Generative AI Applications

Extracting transcripts can immensely support Generative AI models. By feeding these transcripts into Large Language Models (LLMs), you can:

Summarize lengthy videos.
Generate detailed analysis or insights.
Create question-answering interfaces based on video content.

Retrieval Augmented Generation (RAG)

In the Retrieval Augmented Generation (RAG) pattern using in Generative AI solutions, external content (such as video transcripts) is embedded into a vector database. When users query a Generative AI application, relevant transcript segments are retrieved and fed into the model, significantly improving the accuracy and relevance of AI-generated responses.

Additional Uses of Transcript Text

Using the additional context from a YouTube video transcript isn’t just limited to Generative AI and RAG applications.
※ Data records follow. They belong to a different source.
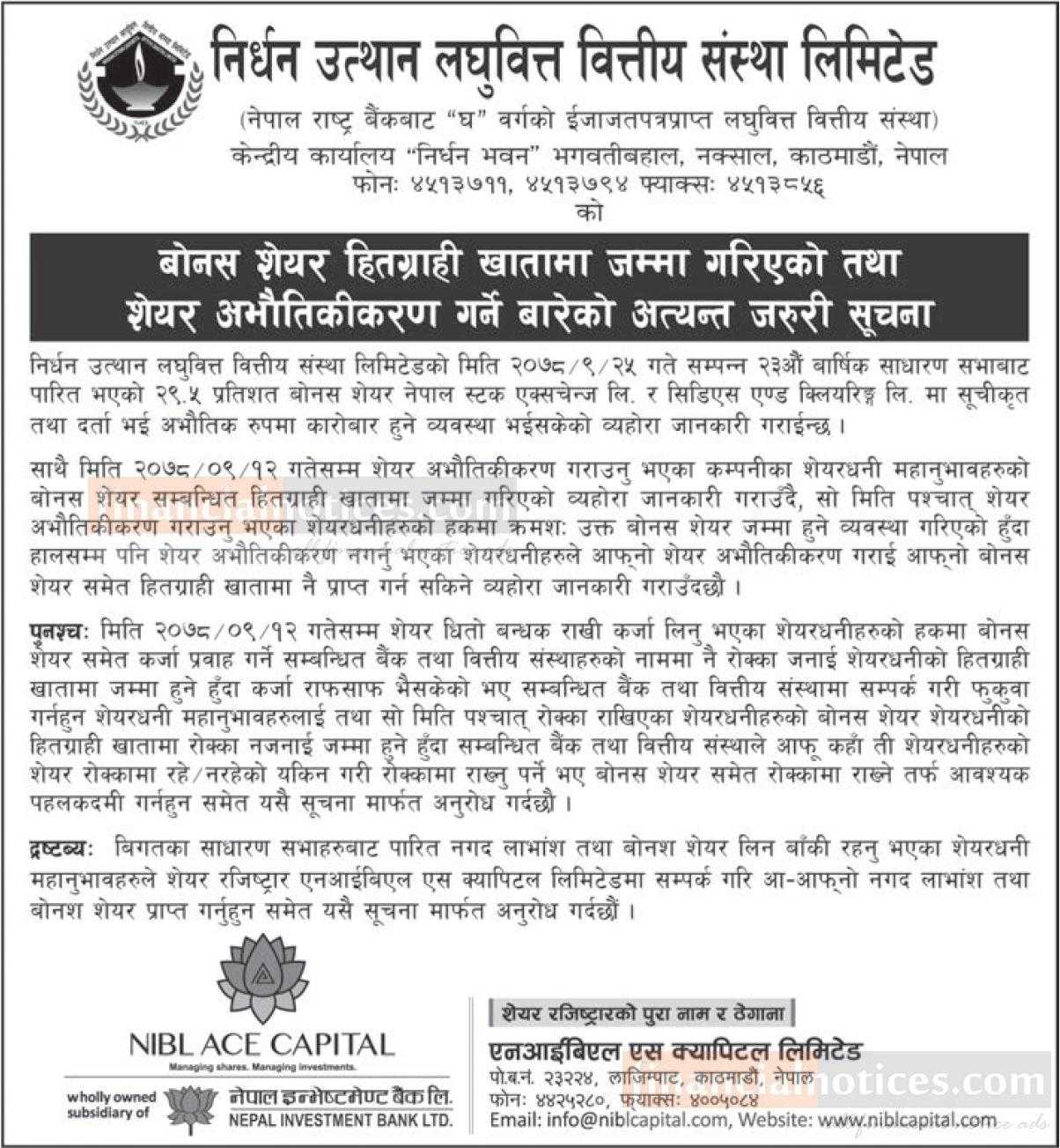बोनस शेयर हितग्राही खातामा जम्मा गरिएको तथा शेयर अभौतिकिकरण गर्ने बारेको सू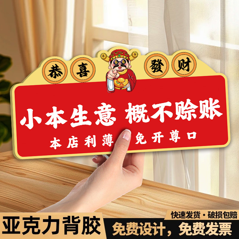 小本生意概不赊账温馨提示牌小本经营本店不赊账免开尊口标语利薄明码标价谢绝还价提示牌烟酒离柜墙贴纸创意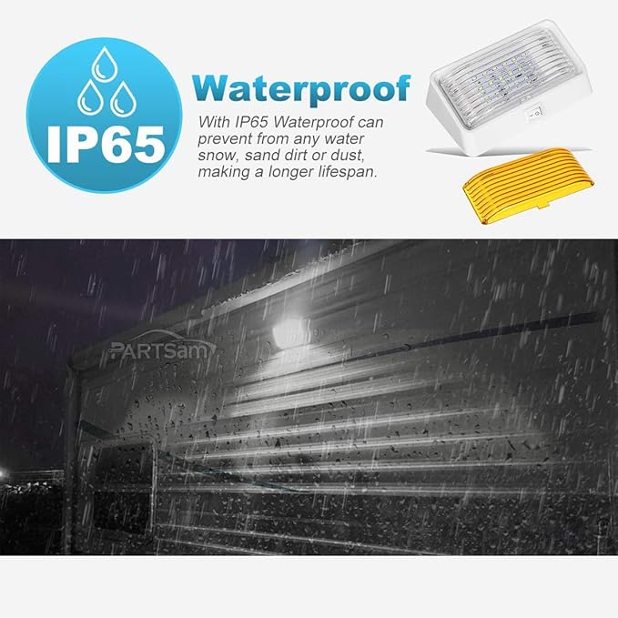Partsam Rectangle LED Porch Light with On/Off Switch, RV Exterior Utility Light Fixture Cover Replacement for Motorhome Campers, 12V, 5th Wheels, Clear and Amber Lenses Removable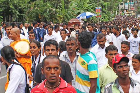 හමුදාවේ වෙඩි තැබීමෙන් මිය ගිය සිසුවාගේ අවමඟුලට දහස් ගනනක් රැස්වෙති

There are multiple practical scenarios where having the transcript text available can be highly beneficial. Here are a few other impactful ways to leverage transcript data:

SEO Content Creation: Convert popular video transcripts into blog posts or social media content.
Accessibility: Create captions or subtitles, enhancing accessibility for hearing-impaired audiences.
Educational Purposes: Easily convert educational video content into text-based study materials.

Conclusion

Leveraging Python to extract YouTube transcripts is a powerful technique, offering tremendous value for developers and content creators alike. Whether you’re developing Generative AI-powered applications, optimizing content for SEO, or improving accessibility, this straightforward method unlocks a wealth of possibilities from any YouTube video.